Sentencing The final step in most criminal cases is sentencing defendants who have been convicted. In this regard, most jurisdictions permit the exercise of considerable discretion by the judge in many types of cases while giving them less discretion in other types of cases, for example, serious felonies with mandatory minimum sentences.
Thus, judges do have some choice between different sentencing options for most crimes, and they tend to exercise it. Generally, the judge’s decision is influenced by the recommendations by the prosecutor and by probation officers. Other factors that might influence a judge’s decision include the race, sex, age, and socioeconomic and criminal background of the defendant and the type of lawyer involved (for example, privately retained or court appointed). The decision to plea bargain is also a factor.

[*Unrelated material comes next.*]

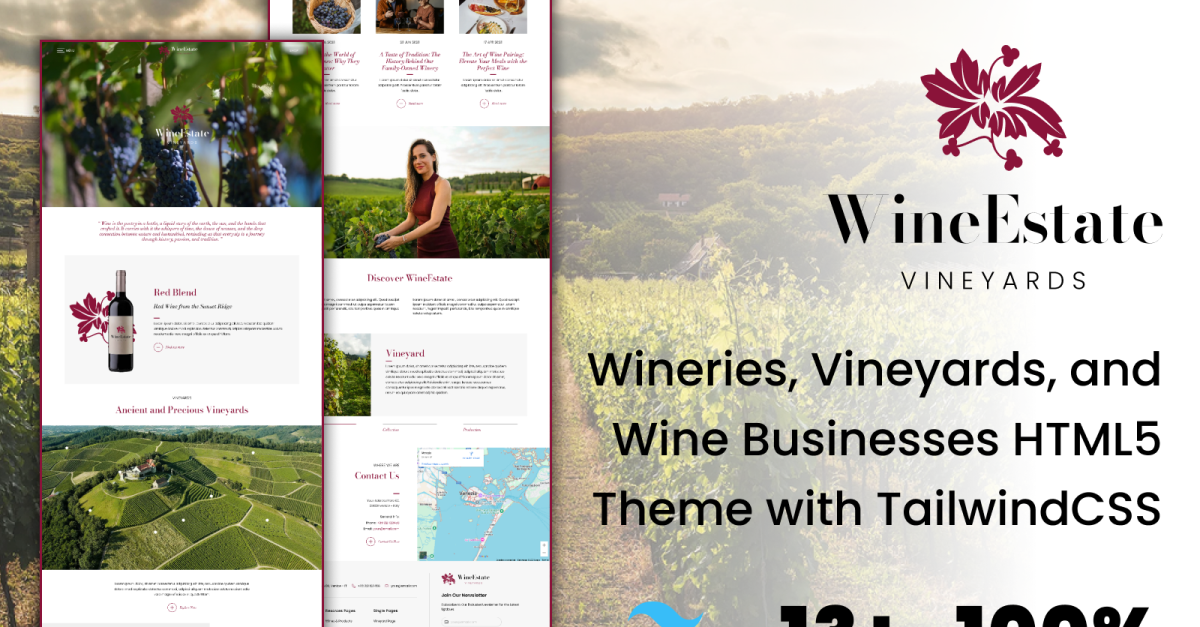 Ідеально підходить для тих, хто шукає елегантний, професійний вебсайт з першокласною продуктивністю , WineEstate створений за допомогою Tailwind CSS – фреймворку, який забезпечує плавну графіку та швидке завантаження.

When the United States instituted its “get-tough approach” during the 1970s to deal with crime, many states adopted mandatory sentencing laws to fight high crime rates. These laws require a minimum amount of incarceration upon conviction and were designed for specific offenses such as rape, murder, drug trafficking, and dangerous weapons violations. Studies show that mandatory minimums have dramatically increased the number of offenders in prison, and the prison terms are longer. But other than keeping offenders off the streets for a longer time, mandatory sentencing provisions do not act as general deterrence and have had little, if any, measurable impact on crime rates (Walker, 2015). Other law and order initiatives such as “three-strikes” laws mandating life without parole for repeaters of certain violent or drug-related crimes, fared no better. They, too, have failed to combat crime and recidivism and ignore questions of rehabilitation and reform (Walker, 2015).